The 200K-token context window was supposed to fix this. Then the 1M window. Then the 2M window. And yet anyone running a real agentic workflow knows the same thing happens every time: forty minutes in, the model starts forgetting what file it was editing, repeating tool calls it already made, and writing summaries that ignore the part you actually asked about.
Bigger windows didn’t make agents cheaper. They made agents lazier with context — and lazier context loses you correctness, latency, and money in roughly that order.
The interesting question isn’t “how big is the window.” It’s “how much of what’s in the window is actually load-bearing.” On most agent runs the answer is depressing: 30–50% raw tool output, 10–20% ceremonial prose, 10% re-reads of files the agent has already seen, 10% stale conversation history.

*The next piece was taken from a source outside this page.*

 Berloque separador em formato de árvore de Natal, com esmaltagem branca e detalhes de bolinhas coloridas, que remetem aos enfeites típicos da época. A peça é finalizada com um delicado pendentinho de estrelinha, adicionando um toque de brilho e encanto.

The signal-to-noise ratio collapses and the model starts hallucinating to fill the gaps.
Three open-source tools address this directly: graphify compresses codebase reads 71×, caveman cuts prose output 75%, and context-mode sandboxes tool I/O for a 98% reduction. Used together, they deliver 5–10× total token savings on real agentic workflows without changing the underlying model.

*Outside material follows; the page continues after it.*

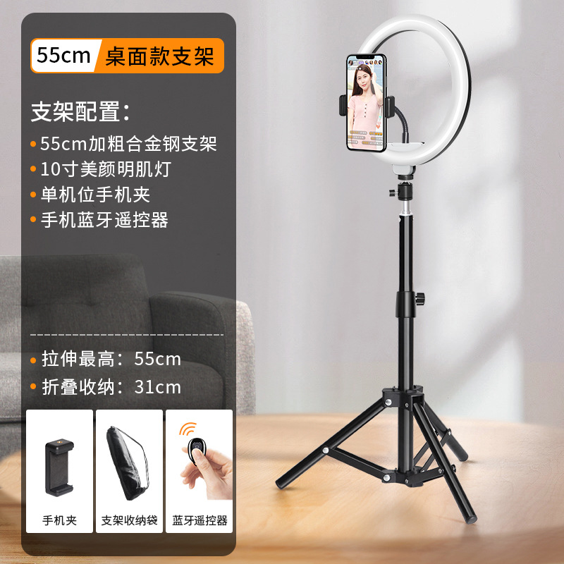 휴대 전화 라이브 삼각대 데스크탑 플로어 스탠드 라이트 필 라이트 떨림 블루투스 셀프 타이머 비디오 텔레스코픽 아티팩트

Where the tokens actually go
A few representative offenders, measured on real sessions:
| Source | Typical size | What it should be |
|---|---|---|
| Playwright DOM snapshot | 56 KB | A summary + selector you actually need |
npm install log tail | 45 KB | Last 20 lines, or just the exit code |
ls -R on a mid-size repo | 30–80 KB | A scoped tree, or a find with a glob |
| GitHub issue dump (20 issues) | 59 KB | Title + status + 1-line summary |
| Re-read of a 600-line file the agent already saw | 12 KB | Nothing. Use the previous read. |
| ”Sure! I’d be happy to help with that…” prose | 50–200 tokens per turn | Drop it. |
None of this is the model’s fault. Each individual decision — read the file, list the directory, run the test — is correct. The bug is architectural: every byte that any tool emits ends up in the conversation forever, with no compression boundary anywhere.
The eight levers
Industry research and benchmarks (Vercel AI SDK evals, Claude prompt-cache reports, LLMLingua paper, agent-trace analyses) converge on roughly the same eight techniques. Most working agent setups use two or three. The teams getting real cost wins use most of them.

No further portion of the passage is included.